Single by 3 Doors Down

from the album 3 Doors Down
- Released: February 18, 2008
- Studio: Tokyo, Japan
- Length: 4:01
- Label: Universal Republic
- Songwriters: Brad Arnold; Chris Henderson; Matt Roberts; Todd Harrell;
- Producers: Johnny K; Kirk Kelsey;

3 Doors Down singles chronology
| "Citizen/Soldier" (2007) | "It's Not My Time" (2008) | "Train" (2008) |

Music video
- "It's Not My Time" on YouTube

= It's Not My Time =

2008 single by 3 Doors Down

"It's Not My Time" is the lead single from the self-titled fourth studio album by the American rock band 3 Doors Down. The song was serviced to US modern rock radio on February 18, 2008. Lyrically, the song focuses on "being resilient, going against the grain and going against the world when the world's trying to push you down, or take you out," lead singer Brad Arnold said. The song topped the US Billboard Mainstream Rock Tracks chart for three weeks. An acoustic version was also available on iTunes as a pre-order.

==Background==
"It's Not My Time" was originally written for the remake of the film The Poseidon Adventure. Brad Arnold explained: "It was gonna be a track on that movie. In the movie, they're just trying to escape their death. And there's a ship sinking. They showed me like a 30-second clip of the movie, and I went and wrote that song from it. And they wound up not wanting it, so I was like, Cool, we'll keep it. And that's actually the second song off a film like that. I wrote "Let Me Go" off of Seventeen Days for Spiderman, and they didn't want it, so we kept it. I'm glad. I had no problem with it."

==Release and chart performance==
The song was officially added to US modern rock radio on February 18, 2008. By its first official day of release, it was the most-added track at both active- and modern-rock radio stations.

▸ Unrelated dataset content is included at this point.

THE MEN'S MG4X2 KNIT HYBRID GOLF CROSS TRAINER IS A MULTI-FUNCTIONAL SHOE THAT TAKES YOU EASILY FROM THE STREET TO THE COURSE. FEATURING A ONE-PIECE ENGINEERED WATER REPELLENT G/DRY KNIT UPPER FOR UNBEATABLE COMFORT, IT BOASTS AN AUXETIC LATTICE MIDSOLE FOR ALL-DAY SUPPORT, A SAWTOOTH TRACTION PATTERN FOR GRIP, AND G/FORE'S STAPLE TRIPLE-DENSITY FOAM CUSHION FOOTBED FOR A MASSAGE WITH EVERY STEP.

The song debuted at number 37 on the Billboard Hot Mainstream Rock Tracks chart for the week of March 1, 2008. It went on to top the chart, becoming the band's eighth top-10 single and fifth number-one single on the chart. It debuted at number 38 on the Billboard Hot Modern Rock Tracks chart, eventually peaking at number five. The song peaked at number 17 on the Billboard Hot 100, making it the band's fifth top-20 hit on that chart. The song became their second number one on the Adult Top 40, following "Here Without You".

In Canada, Finland, and New Zealand, "It's Not My Time" reached the top 20, peaking at number 20 on the Canadian Hot 100, number 12 in Finland, and number 18 in New Zealand. It was their third top-40 hit in Australia, peaking at 26. It has also reached the top 40 in Germany.

==Music video==
The video was shot in Cincinnati, Ohio, on April 1, 2008. The shoot was done in Over-the-Rhine, Fountain Square, Clifton and other locations around the city. The music video was officially premiered by Universal Republic on April 23, 2008. The beginning sequences were shot on top of the shelter structures, at Bellevue Park, edited to appear as a tall building.

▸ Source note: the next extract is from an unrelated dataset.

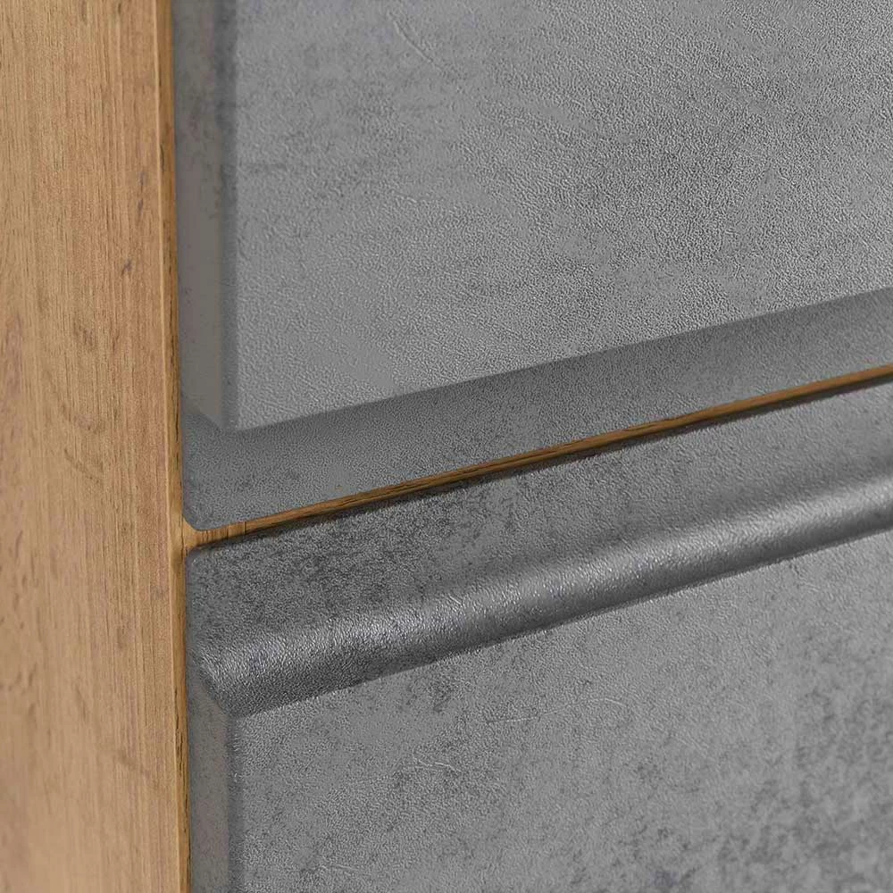- Korpus und Tür in Holzoptik melaminbeschichtet, Schubladenfronten in Betongrau, tiefgezogen foliert

The video begins with a man (Gabriel Nunez of the free-running outfit Team Tempest) standing on the roof of a pavilion in a local park. A scene then shows a mother and her daughter driving in a car. As the clock in the car turns to 10:13 they are hit from the side by a truck. The video then goes back to the man on the rooftop, who looks at his iPhone, displaying the time 10:08. When the time turns to 10:09, he immediately begins to run, and jumps off the building, landing safely on the ground.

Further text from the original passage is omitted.